MSRs can only be accessed indirectly, using an instruction (rdmsr on x86), and require registers both to specify the MSR and as source and destination operands. On an interrupt, the first thing to save should be the IA32_TAINT MSR, because it contains the taints of the previous context. However, as registers must not be clobbered in the interrupt routine, all the registers used in the interrupt handler have to be saved first. We resolve this problem by automatically copying the IA32_TAINT to an additional MSR, IA32_SHADOW_TAINT, on every interrupt. This ensures that the taint of all registers is preserved before any taint is potentially modified by a register operation in the interrupt handler.

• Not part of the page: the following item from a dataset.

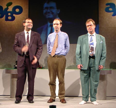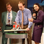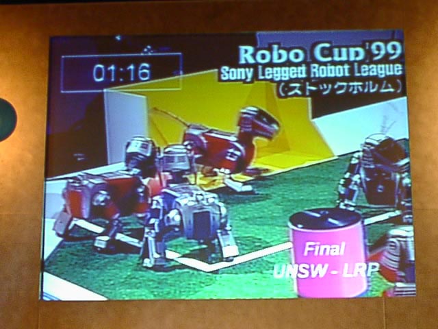 RoboCup-99での「Sony Legged Robot League」 で優勝したフランスのパリ・ロボット研究所のチーム「三銃士」によるデモンストレーションでは、実際の試合の場面のVTRを交えて解説がなされた。「Sony Legged Robot League」で行なわれた競技とは、AIBO 3体を1チームとしたミニサッカーゲーム。3体のAIBOは それぞれゴールキーパー、ディフェンダー、フォワードと機能するプログラミングが行なわれ、自律してゲームを行なう。VTRや「小さな三銃士」と呼ばれるAIBOを使ったデモストレーションを見ると、「これがAIBOなのか」と思わせるスピーディな動きで、ゲームが行なわれた。

The IA32_SHADOW_TAINT can then be treated like any other register, the operating system can save it into a kernel structure upon a context switch.
When returning from an interrupt, the CPU restores the values from IA32_SHADOW_TAINT to the register taint values. Hence, with this mechanism, we ensure that an interrupt does not influence the taint value of any register. This also works for the unlikely event of nested interrupts, if an interrupt is interrupted by a different interrupt. The only critical region in such a case is if the first interrupt has not yet locally saved the IA32_SHADOW_TAINT MSR, and the second interrupt overwrites the MSR. However, as long as within this critical region (the time window between first interrupt and second interrupt) no register is untainted, there can be no leakage. In Section 3.3, we show that this situation can be avoided solely in software.
3.3. Software Support
We propose changes to applications, compilers, and operating systems to leverage the hardware extensions introduced in Section 3.1 and Section 3.2. The idea is that application developers annotate secrets in their applications. The annotations are processed by the compiler and then forwarded to the operating system to establish the correct memory mappings (Section 3.1).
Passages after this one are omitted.